The biggest issue with The Crimes of Grindelwald, which is a fine, highly-enjoyable film, though not a great one and certainly not in the first film’s league, is that it simply tries to do too much in too little time.
134 minutes may sound like plenty of time to do lots of things, and on one level you’d be right, but the sequel overreaches a tad, scattering everyone to the four winds, robbing of us of much of the vibrantly-rewarding character interplay that so defined Where to Find Them, giving them to much to do, and stuffing far too much exposition into too small an amount of time.
It makes sense in part – this is the second film of five and so in effect the world is still being built as is the growing, overarching narrative, but the issue is that too much is attempted without the benefit of a cohesive storyline that would allow the film to stand on its own two magical feet.
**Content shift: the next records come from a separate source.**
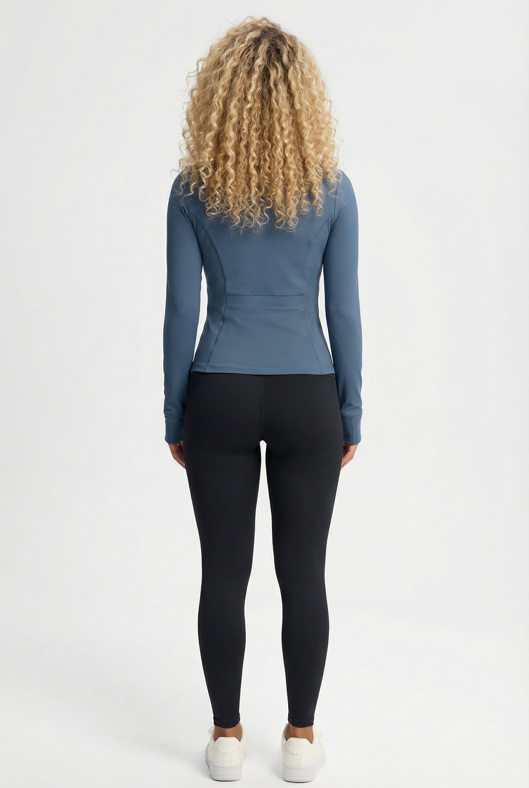 Figursyet sportsjakke der smyger sig om kroppen og skaber en feminin silhuet uden at begrænse bevægelsen. Gennemgående lynlås og høj krave giver nem an- og aftagning – til opvarmning, udendørs løb og lag-på-lag styling i overgangsvejret.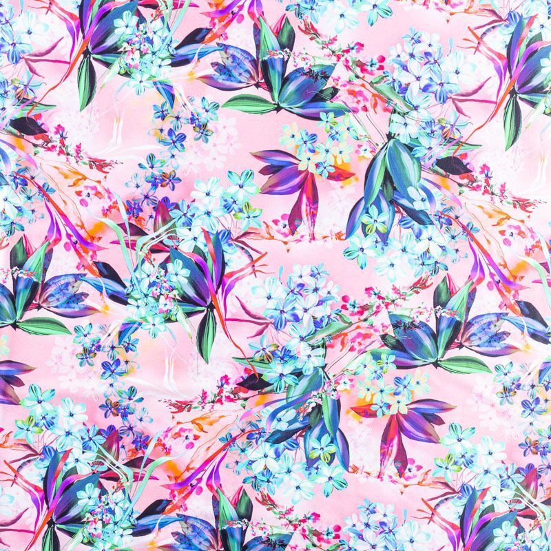 Итальянский бифлекс с цветочным принтом в голубых оттенках на нежном розовом фоне. Поверхность ткани матовая и гладкая. Отлично тянется, одежда из него не сковывает движения. Хорошо впитывает влагу и быстро высыхает, не вызывет аллергии и раздражения. Используется для пошива эстрадных, спортивных костюмов, купальников, боди.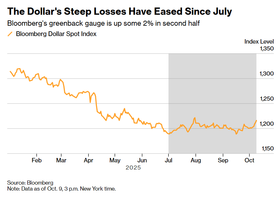 彭博美元现货指数自年中以来现已上涨约2%,此前其上半年跌幅为数十年来最陡。2025年初,在唐纳德·特朗普再一次就任总统后暂缓实施全面关税之际,出于对通胀将温和到足以令美联储恢复降息的判断,美元下滑。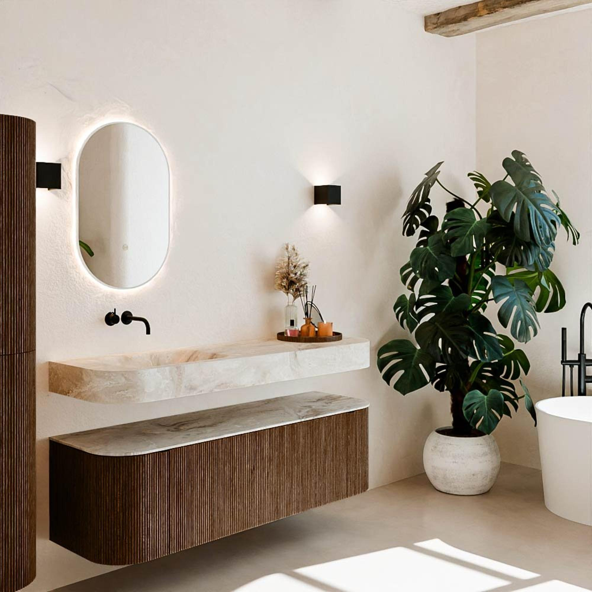 Matériaux naturels dans des tons chauds. Les nervures verticales apportent rythme et texture au design, tandis que le chêne confère une apparence chaleureuse et artisanale. Choisissez parmi 5 teintes de bois OAK, WALNUT, DUSK, SHADOW et RUBY, des couleurs de bois soigneusement sélectionnées pour enrichir les salles de bains modernes et classiques.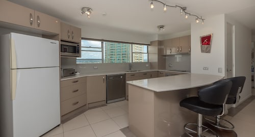 ビーチに直接アクセスできる、サーファーズ パラダイスのこのアパートスタイルホテルは、市内中心部にあり、サーファーズ パラダイス ビーチおよびカビル アベニューから徒歩 15 分圏内です。ゴールド コースト コンベンション & エキシビジョン センターおよびザ スター ゴールド コーストも 5 km 圏内です。サイプレス・アベニュー駅まで徒歩わずか 6 分です。 ビーチにあるこのアパートスタイルホテルでは、ホットタブやフィットネスセンターなどの便利な設備やサービスをご利用いただけます。 各客室では、冷蔵庫とオーブン、コンロ、電子レンジが備わったキッチンをご利用いただけます。エンターテインメント設備として、ケーブル放送付きのテレビがあるほか、便利な洗濯機 / 乾燥機、応接スペースもご利用いただけます。週に 1 回客室清掃が行われます。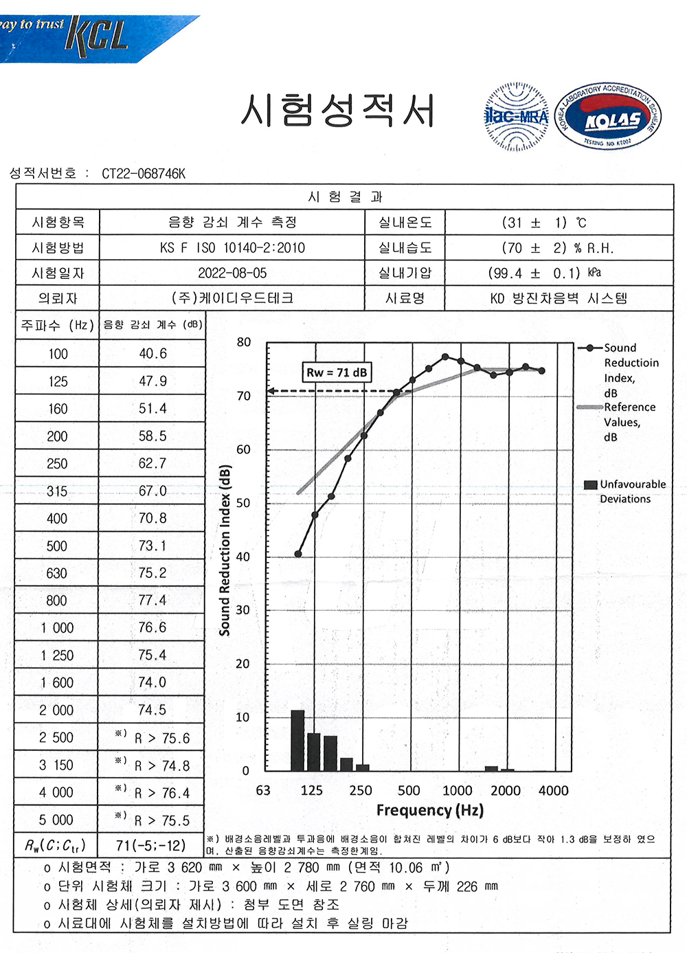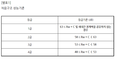 케이디우드테크에서 개발 보급하고 있는 <KD방진차음벽시스템>의 <가중음향감쇠계수 측정> 시험 결과 <Rw=71dB>을 값을 나타냈습니다. 이러한 성능수준은 국토교통부고시 제2018-776호에 의한 차음구조 성능기준 1등급(Rw<63dB) 기준을 월등하게 능가하는 구조로서 국내 최고의 성능이라고 할수 있습니다. . 한국건설생활환경연구원에 2022.8월 의뢰한 본 제품의 시험성적서는 위와 같습니다.

It is a common issue with the middle films of any franchise which must simultaneously keep building and building but tell a story all their own but The Crimes of Grindelwald fails on the second count, despite its best efforts (Credence, played by Ezra Miller is the character around which everything, technically at least, pivots, and who – SPOILER ALERT – is the recipient of quite a revelatory twist), it is fails to weave the kind of invigoratingly-immersive narrative that made watching Where to Find Them such a diverting pleasure.
For all that though, The Crimes of Grindelwald is overall another buoyantly-escapist diversion from the everyday, albeit one threaded with a dark, troubling reflection of today’s slide nationalistic horrors, that manages to take on yet another voyage into the fantastical, one which we sorely need right now in a world where it’s hard to tell whether art is imitating life or the reverse.